I was thinking I could use thread_sleep() inside the part of the driver called from the application thread and thread_wakeup from an ISR for the relevant status flag. Will this introduce any noticeable extra delays from the context switching or otherwise? (Except for the function calls to thread_sleep(), thread_wakeup() which obviously are an extra overhead)

Has anyone measured the cost of the thread context switching on the different platforms? I’m mainly interested in Cortex-M4 (Kinetis). This would be a good indication of how “slow” an I/O device has to be before it is worth it to manually yield a thread while waiting.

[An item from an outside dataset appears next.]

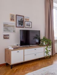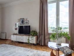 В квартире сделан стильный дизайнерский ремонт. Просторная кухня в 10 кв. м обставлена современной мебелью и оснащена всей необходимой техникой: холодильником, посудомоечной машиной и плитой. В комнатах также есть необходимая мебель для комфортного проживания. Ванная комната оборудована душевой кабиной. Для вашего удобства в квартире установлены кондиционер, телевизор и стиральная машина. Из окон открывается вид на улицу, а на балконе можно наслаждаться свежим воздухом.

I think ADC and UART (depending on baudrate vs. core clock frequency) are good candidates for this, as well as I2C in normal or fast mode when running on a fast MCU. SPI may not be very useful for small transfers, but DMA of larger blocks will definitely save some power/decrease CPU usage with such a change.

Best regards,

Hi Joakim,

Has anyone measured the cost of the thread context switching on the different platforms? I'm mainly interested in Cortex-M4 (Kinetis). This would be a good indication of how "slow" an I/O device has to be before it is worth it to manually yield a thread while waiting.

AFAIR, Hauke measured the context switch cost from msg_send in one thread to msg_receive in another with around 500 instructions on Cortex-M3. A wakeup (one thread running, IRQ triggered saving that context, ISR triggers wakeup of another thread) will probably be a litte less than half of that.

Consider these figures not very precise. :wink:

Kaspar

Hi,

we do indeed have a number of places in the driver code, where busy waiting is used. The reason for this is mostly missing man power to implement better versions of the same driver. The most important fact here is, that you can re-implement a driver in a more efficient way completely transparent to the drivers API. So you could just re-implement the STM32F4’s SPI driver using DMA - and device drivers using the SPI interface would not even notice it…

This does indeed not make sense for every peripheral driver. As long as the time you wait on something is smaller than the time you need for 2 context switches, it does not make sense to use some kind of thread synchronization… The ADC measurements are for example very fast (some 10-50 CPU cycles on most CPUs), so you are never able to switch to the idle thread and back in that time…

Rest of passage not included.